Lillian Beatrix Pierce is a mathematician whose research connects number theory with harmonic analysis. She is a professor of mathematics at Duke University.

==Early life and education==

Pierce was home-schooled in Fallbrook, California and began playing the violin at age four. By age 11 she began performing professionally as a violinist. As a teenager, she also started taking classes at a local community college, accumulating so many units that some of the universities she applied to refused to consider her for freshman admission.
She entered Princeton University majoring in mathematics but intending to pursue an MD–PhD program;
under the influence of faculty mentor and undergraduate thesis supervisor Elias M. Stein, her interests shifted towards pure mathematics. As an undergraduate, she also became an intern at the National Security Agency.
She was Princeton's 2002 valedictorian and became a Rhodes Scholar, repeating two accomplishments of her brother Niles Pierce from nine years earlier.

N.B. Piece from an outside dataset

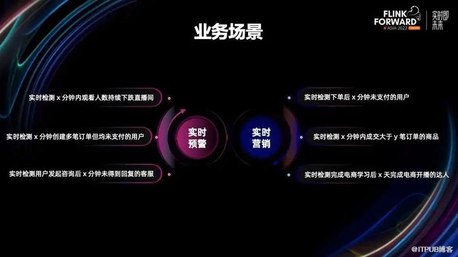 第一是实时预警场景,它是非常典型的业务诉求,把用户看数据的方式从大屏“盯盘”转换为“根据规则检测结果,主动推送”,这无疑对一些关键业务问题的发现和洞察起到至关重要的作用。有如下三个具体案例:

She earned a master's degree at the University of Oxford in 2004. Returning to Princeton for doctoral study in mathematics, she completed her Ph.D. in 2009. Her dissertation, Discrete Analogues in Harmonic Analysis, was supervised by Stein.

==Career==

After postdoctoral studies with Roger Heath-Brown at Oxford and at the Hausdorff Center for Mathematics in Bonn, Germany, she became an assistant professor at Duke in 2014 and is now a full professor.

==Research==
Pierce was one of the first mathematicians to prove nontrivial upper bounds on the number of elements of finite order in an ideal class group.

==Awards and honors==
Pierce won the 2018 Sadosky Prize for research that "spans and connects a broad spectrum of problems ranging from character sums in number theory to singular integral operators in Euclidean spaces" including in particular "a polynomial Carleson theorem for manifolds". She received the 2019 Presidential Early Career Award for Scientists and Engineers. She was elected a Fellow of the American Mathematical Society in the class of 2021 "for contributions to number theory and harmonic analysis". The Association for Women in Mathematics named her to their 2025 Class of AWM Fellows.

==Personal life==
Her husband, Tobias Overath, also works at Duke as a neuroscientist.